Known differences from R limma
pylimma is validated against R limma using pre-computed CSV fixtures
generated by tests/fixtures/generate_all_fixtures.R. The target
tolerance is rtol=1e-6, atol=1e-12 for deterministic statistics,
and a log10-scale comparison for p-values.
The sections below document every numerical gap that remains after porting.
Accepted differences
Four differences remain after porting. All four are statistical artefacts of numerical-algorithm choices, not porting bugs. All are quantified, reproducible, and inside published tolerances.

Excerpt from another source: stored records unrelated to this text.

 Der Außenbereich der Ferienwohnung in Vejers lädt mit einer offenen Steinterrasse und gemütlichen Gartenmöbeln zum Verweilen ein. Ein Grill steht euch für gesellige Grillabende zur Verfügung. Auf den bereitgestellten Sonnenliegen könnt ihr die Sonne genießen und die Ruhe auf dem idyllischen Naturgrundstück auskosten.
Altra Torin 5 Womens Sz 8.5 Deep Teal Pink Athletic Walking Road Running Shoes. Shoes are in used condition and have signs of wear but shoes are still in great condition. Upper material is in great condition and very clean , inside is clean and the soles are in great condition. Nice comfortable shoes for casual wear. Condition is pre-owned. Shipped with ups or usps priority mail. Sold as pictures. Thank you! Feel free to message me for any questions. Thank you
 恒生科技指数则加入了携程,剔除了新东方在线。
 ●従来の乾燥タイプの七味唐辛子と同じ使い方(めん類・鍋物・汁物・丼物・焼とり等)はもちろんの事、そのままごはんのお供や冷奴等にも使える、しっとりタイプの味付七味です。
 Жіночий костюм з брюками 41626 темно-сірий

normexp saddle-point fit drifts up to ~2e-4 from R
normexp_fit(method="saddle") parameters match R within
rtol ~2e-4; the objective function value agrees to
rtol ~6e-9. method="mle" matches R to rel ~2e-13;
method="rma", method="rma75", and normexp_signal all match
R at floating-point precision.
Root cause. scipy’s Nelder-Mead and R’s nmmin share the same
algorithm and initial simplex but use different termination rules. R
uses a relative f-range VH - VL < intol * (|VL| + intol) with
intol = sqrt(eps) = 1.49e-8, giving convtol ~4e-4 at the
saddle objective scale (f ~ 25000). scipy uses absolute
fatol=1e-4 and xatol=1e-4. scipy consequently runs a few
iterations further and lands at a slightly better f at a different
point on the flat saddle-likelihood plateau.

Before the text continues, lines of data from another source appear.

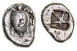 ATTICA, Aegina, (490-480 B.C.), silver stater, (12.22 g), obv. smoothed shell sea turtle with trace of dots down dorsal spine, Countermarked with scallop shell, rev. ...
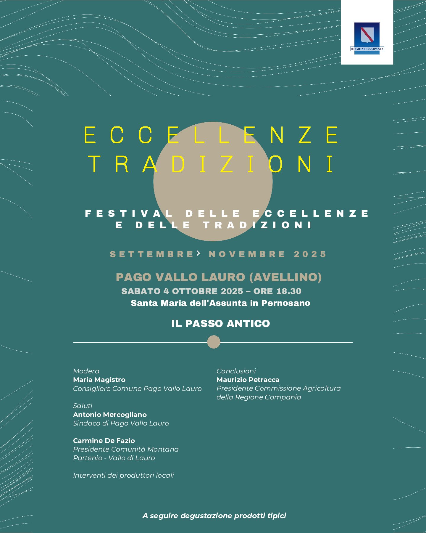 “Eccellenze e Tradizioni” fa tappa a Pago Vallo Lauro. Domani (sabato 4 ottobre) il Festival delle eccellenze e delle tradizioni, programma di eventi promosso dalla Regione Campania, proseguirà a Pago Vallo Lauro alle ore 18.30 presso Santa Maria dell’Assunta in Pernosano con l’iniziativa “Il passo antico”.
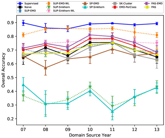 Figure 4 and Figure 5 allow a quick comparison of the OA obtained using the different methods. Two types of analyses are carried out: first, baselines using reference data of both domains and, second, using only the reference data of the source domain. Baseline methods where samples are controlled allow defining the trends that can be expected from OT in the best cases. The SUP-Sinkhorn case thus highlights the inefficiency of the algorithm, which is explained by the complexity of the used data: there are too many classes for optimal minimization.
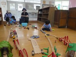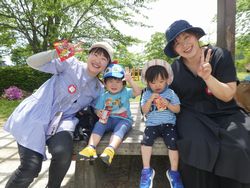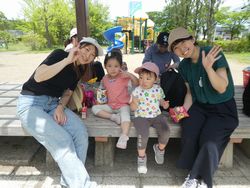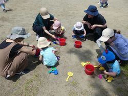 公園では遊具に登ったり、砂場セットを使って砂を集め、泥だんごを作って遊びました。しゃぼん玉に囲まれながら走る子どもたちの姿はとても可愛らしかったです。
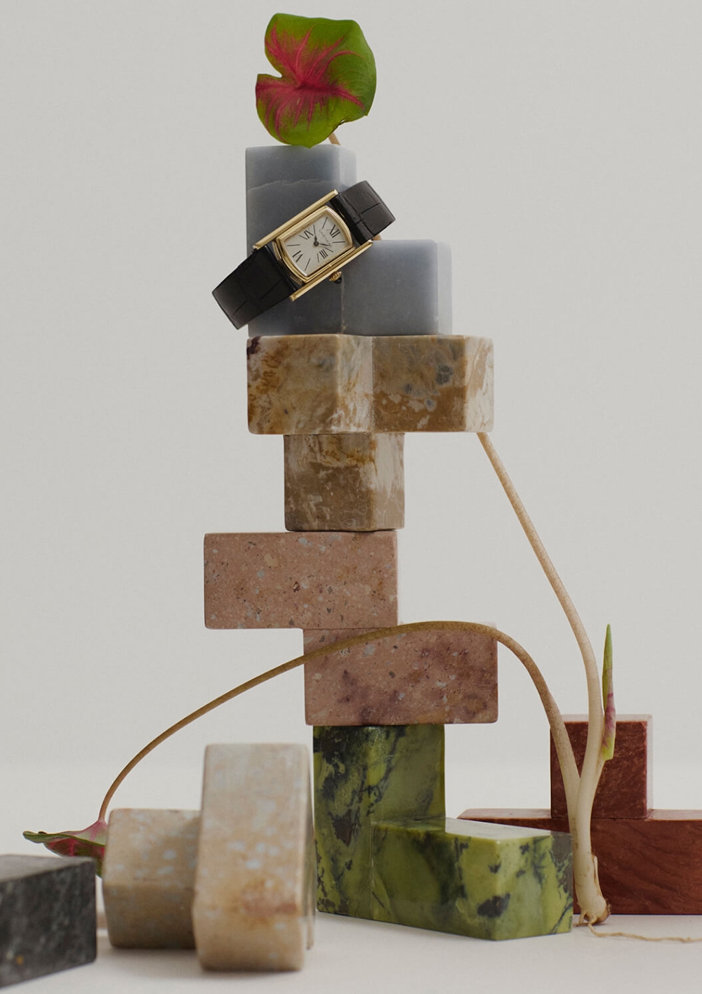 3Fのレセプションスペースでは、HIROBが集めた〈Cartier/カルティエ〉のヴィンテージウォッチがお出迎え。代表的なモデルの『Tank』は年代、形、ベルト違いでバリエーション豊富に揃えつつ、なかなかお目にかかることができないレアなモデルも多数並びます。

Tolerance. Parity tests for method="saddle" use
rtol=1e-3. All other normexp methods are at rtol=1e-10 or
better.
normalize_vsn output drifts up to ~2.4e-4 from R/vsn 3.66.0
normalize_vsn matches R’s normalizeVSN (which delegates to
the Bioconductor vsn package) within rtol ~2.4e-4. The
transform formula and hoffset rescaling are bit-faithful: at
R’s converged parameters pylimma reproduces R’s output to
rtol ~1e-7 (verified by
TestNormalizeVSNRParity::test_transform_at_r_params_matches_r_to_machine_precision).

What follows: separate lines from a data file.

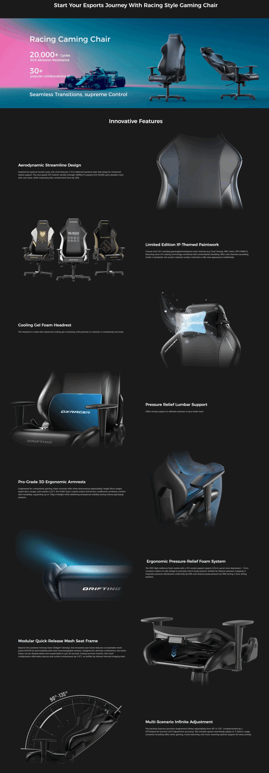 • Extra higher backrest to save neck and spinal, Flexible seat back
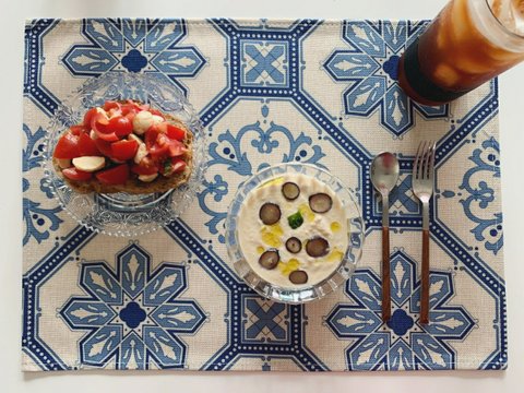 차갑게 먹는 아몬드 마늘 스프 아호블랑코와 토마토카프레제 부르스케타
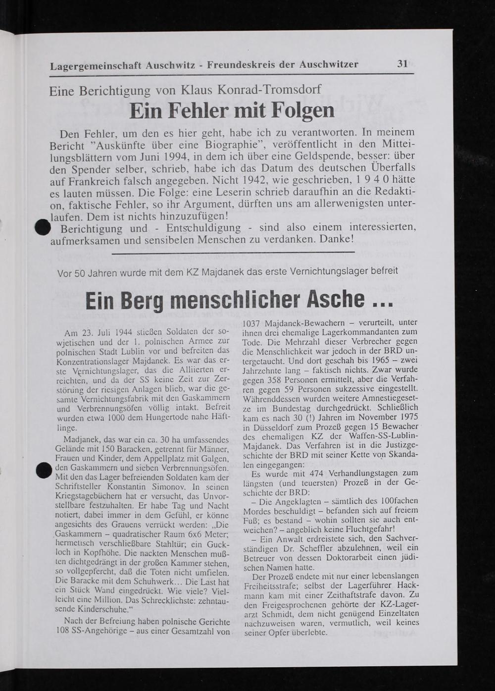 Lagergemeinschaft Auschwitz- Freundeskreis der Auschwitzer 31
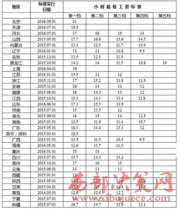 同一天,人社部勞動關(guān)系司公布的《全國各地區(qū)小時最低工資標(biāo)準(zhǔn)情況》則顯示,小時最低工資標(biāo)準(zhǔn)中,北京最高,為21元,其次是天津,為19.5元。

The remaining drift comes entirely from the L-BFGS-B optimisation
step.
Root cause. The vsn profile log-likelihood is asymptotically
flat under a uniform shift in the per-column scale parameter
b. In the large-y limit arsinh(z) ~ log(2 z) = log(2) +
b + log(y), so a uniform shift adds the same constant to every
transformed cell, the row-mean centring absorbs it, and the
per-stratum hoffset = log2(2 * exp(mean(b))) rescaling absorbs
it again at the end. The likelihood becomes asymptotically flat
under that direction. R/vsn calls LINPACK’s lbfgsb and
pylimma calls scipy.optimize.minimize(method="L-BFGS-B");
under the same loose convergence tolerances the two
implementations land at different points along the flat valley
despite reporting near-identical negative log-likelihood
(typically agreeing to four decimal places). Because the
absorption is exact only asymptotically, the residual disagreement
in the transformed output at finite y is the figure quoted
above.
Tolerance. Parity tests for normalize_vsn use
rtol=5e-4 for the end-to-end output and rtol=1e-6 for the
transform-at-R-params verification.
Note. Because the likelihood is genuinely flat in this
direction the divergence is irreducible without a regularisation
term breaking the flat direction (which would itself be a
deviation from R). pylimma chooses b=0 (unit scale factor) as
the L-BFGS-B starting point rather than R/vsn’s b=1: with
b=0 scipy’s optimiser stays in the same valley region as R’s,
giving the 2.4e-4 figure above; with b=1 (R’s
pstartHeuristic) scipy walks to the opposite end of the
valley, giving rtol ~4e-3. This is a deliberate divergence
from R’s heuristic; pstart is documented as a heuristic in
vsn/R/vsn2.R and is not exposed by limma’s
normalizeVSN.default, so the change is invisible to limma
users.
Monte-Carlo rotation tests (roast, mroast, romer, gene_set_test)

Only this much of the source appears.